§ **What needs to be done**
Using the entries below, copy exactly each line from the line with "Digital Tire Gauge" up to and including the line with "1-10月份,规模以上工业企", with every picture left out.

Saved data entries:

┌──

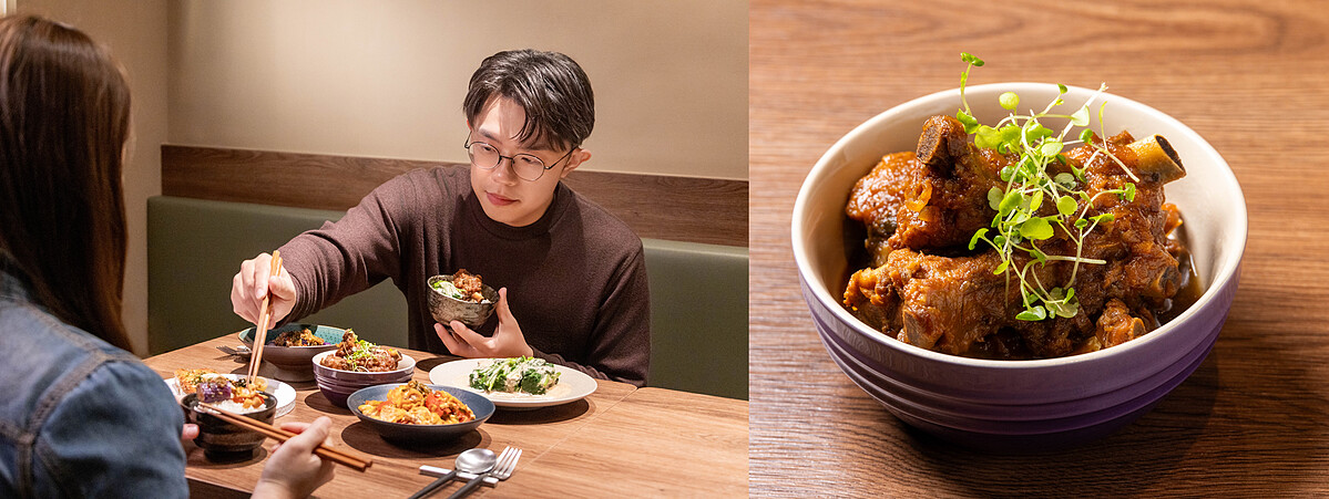 在他用法式手法融入台灣味的幾道料理中,「燉洋蔥排骨」這道菜是他從小吃到大的家常味,也是媽媽的拿手菜,做法很簡單又下飯,陳主廚經常做給家人朋友吃,看著大家開心享用的樣子,那份將自身喜歡的東西分享出去的滿足感是難以言喻的。
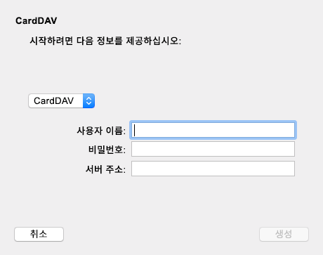 Mac 연락처 앱에서 [연락처] > [계정 추가]를 선택합니다.
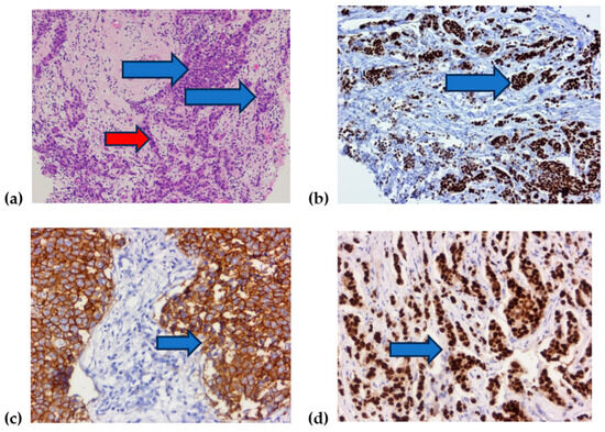 Histological images of breast cancer: (a) infiltrative ductal breast carcinoma placards (blue arrows) and trabecules (red arrow), (b) immunohistochemical reaction for estrogenic receptors (blue arrow), (c) immunohistochemical reaction for HER2 (blue arrow), (d) immunohistochemical reaction for progesteron receptor (blue arrow).
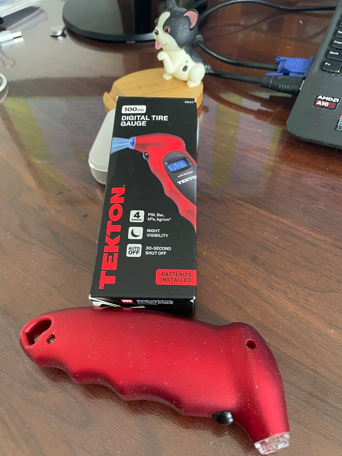Digital Tire Gauge with a backlight and 4 different pressure range settings. Includes batteries. (By the way its inside two kind of batteries fully change new)
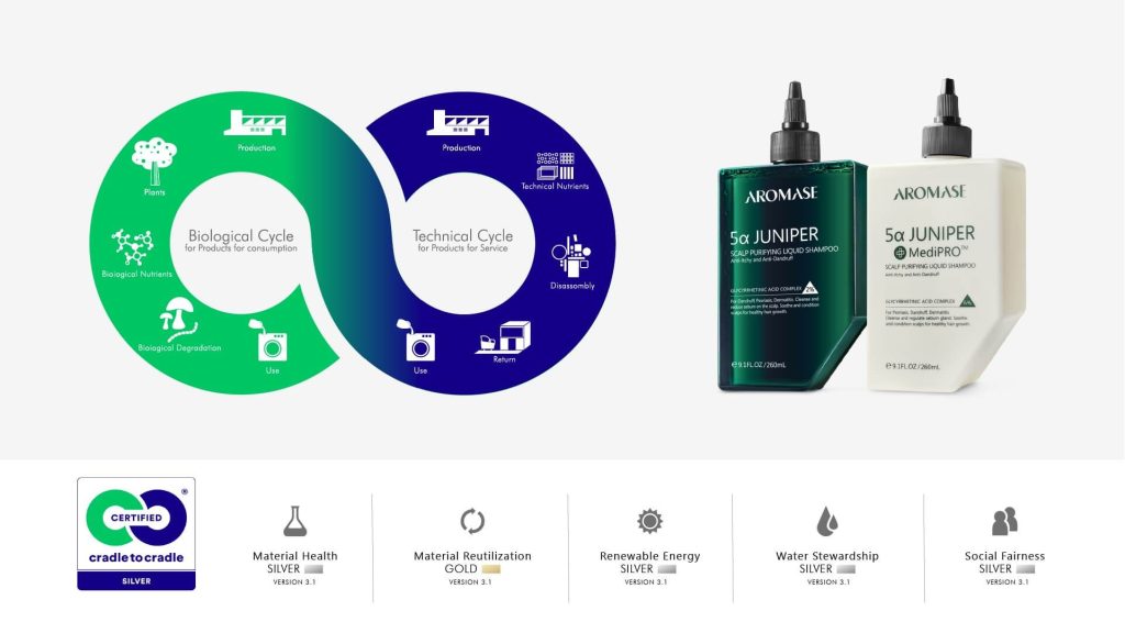 Aromase – thương hiệu dầu gội hàng đầu châu Á đã ghi dấu ấn quan trọng khi trở thành thương hiệu đầu tiên trong khu vực đạt chứng nhận Cradle to Cradle (C2C) hạng Bạc danh giá. Tiêu chuẩn toàn cầu này khẳng định cam kết của Aromase trong việc sản xuất các sản phẩm an toàn, bền vững và được thiết kế nhằm góp phần thúc đẩy nền kinh tế tuần hoàn.
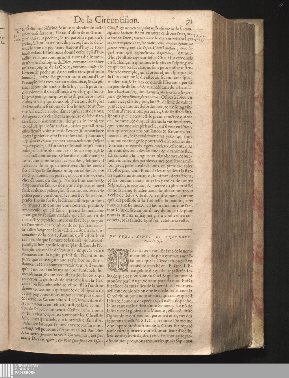 I Du tres-sainct & tres-doux nom de Iesus.
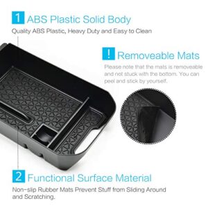 Durable Material: ABS plastic is easy to clean and heavy duty sothat you can use this center console organizer within years. Non-slip rubber mats prevent stuff from sliding around and scratching that is also removable sothat you can change the mats with others like moisture&drinks absorbent felt.
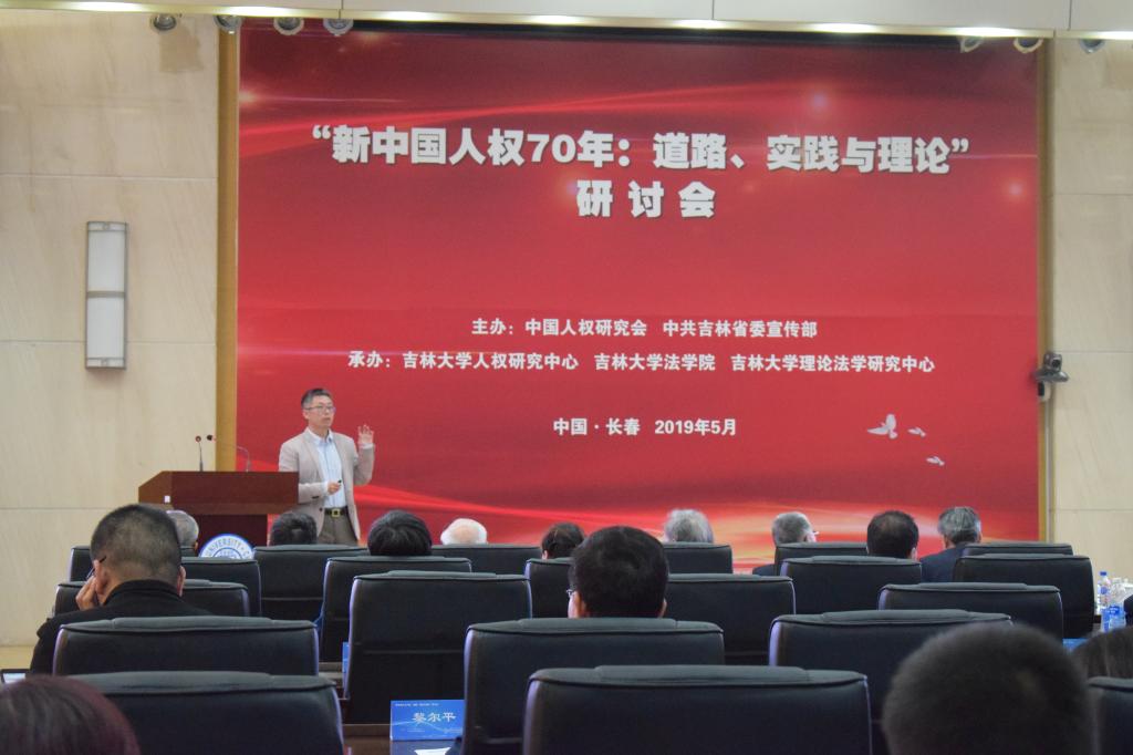 教授杨春福做了题为《新时代中国特色人权理论创新的逻辑机理》的主题发言。杨春福教授从五个领域分析了新时代中国特色人权理论的创新需要的逻辑机理:第一,人权理论创新的动力;第二,人权理论创新的原则;第三,人权理论创新的要求;第四,人权理论创新的方法;第五,人权理论创新的保障。
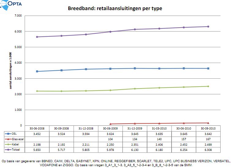 Het totale aantal breedbandaansluitingen is met 54.000 toegenomen. Daarvan zijn er 3,6 miljoen over ADSL, een daling met 3000 in drie maanden. Het aantal over kabel groeide met 47.000 tot 2,5 miljoen. Glasvezel kreeg er 10.000 aansluitingen bij en heeft nu 167.000.
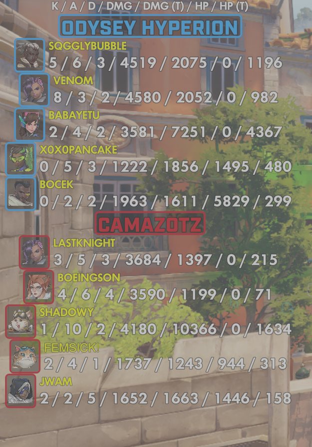 10 entries| Team | Player | Kills | Assists | Deaths | Damage | Damage (Taken) | Healing | Healing (Taken) |
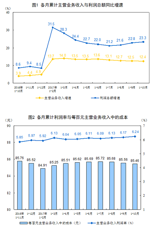 1-10月份,规模以上工业企业实现主营业务收入100.1万亿元,同比增长12.4%;发生主营业务成本85.5万亿元,增长12%;主营业务收入利润率为6.24%,同比提高0.55个百分点。
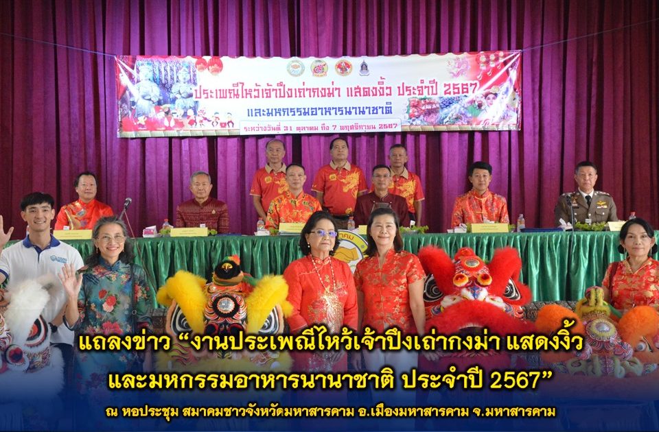 ร่วมแถลงข่าว “งานประเพณีไหว้เจ้าปึงเถ่ากงม่า แสดงงิ้ว และมหกรรมอาหารนานาชาติ ประจำปี 2567” กำหนดจัดขึ้นในช่วงวันที่ 31 ตุลาคม 2567 – 7 พฤศจิกายน 2567 ภายในงานได้จัดให้มี “ตลาดงานงิ้ว” เป็นตลาดไนท์มาร์เก็ต ซึ่งจะเป็นตลาดคนเดินที่มีร้านอาหารมาจากทั่วทุกภาค นำมาจำหน่าย บนถนนนครสวรรค์ มีร้านค้ากว่า 1,000 ร้านค้า ความยาวของตลาด กว่า 1 กิโลเมตร ซึ่งเป็นการสร้างรายได้ให้กับพ่อค้าแม่ค้าในแต่ละปี นับเป็น การกระตุ้นเศรษฐกิจ ของพี่น้องประชาชนภายในจังหวัด และภายในงานยังมีการเปิดโอกาสให้เยาวชน นักเรียน นักศึกษา ได้แสดงความสามารถในด้านต่าง ๆ อาทิ การแข่งขันแสดงดนตรี ชิงถ้วยรางวัล ตลอดจนมีกิจกรรม มากมาย ณ ที่หอประชุม สมาคมชาวจังหวัดมหาสารคาม

└──

§ **Result of this exercise**
Digital Tire Gauge with a backlight and 4 different pressure range settings. Includes batteries. (By the way its inside two kind of batteries fully change new)
 Aromase – thương hiệu dầu gội hàng đầu châu Á đã ghi dấu ấn quan trọng khi trở thành thương hiệu đầu tiên trong khu vực đạt chứng nhận Cradle to Cradle (C2C) hạng Bạc danh giá. Tiêu chuẩn toàn cầu này khẳng định cam kết của Aromase trong việc sản xuất các sản phẩm an toàn, bền vững và được thiết kế nhằm góp phần thúc đẩy nền kinh tế tuần hoàn.
 I Du tres-sainct & tres-doux nom de Iesus.
 Durable Material: ABS plastic is easy to clean and heavy duty sothat you can use this center console organizer within years. Non-slip rubber mats prevent stuff from sliding around and scratching that is also removable sothat you can change the mats with others like moisture&drinks absorbent felt.
 教授杨春福做了题为《新时代中国特色人权理论创新的逻辑机理》的主题发言。杨春福教授从五个领域分析了新时代中国特色人权理论的创新需要的逻辑机理:第一,人权理论创新的动力;第二,人权理论创新的原则;第三,人权理论创新的要求;第四,人权理论创新的方法;第五,人权理论创新的保障。
 Het totale aantal breedbandaansluitingen is met 54.000 toegenomen. Daarvan zijn er 3,6 miljoen over ADSL, een daling met 3000 in drie maanden. Het aantal over kabel groeide met 47.000 tot 2,5 miljoen. Glasvezel kreeg er 10.000 aansluitingen bij en heeft nu 167.000.
 10 entries| Team | Player | Kills | Assists | Deaths | Damage | Damage (Taken) | Healing | Healing (Taken) |
 1-10月份,规模以上工业企业实现主营业务收入100.1万亿元,同比增长12.4%;发生主营业务成本85.5万亿元,增长12%;主营业务收入利润率为6.24%,同比提高0.55个百分点。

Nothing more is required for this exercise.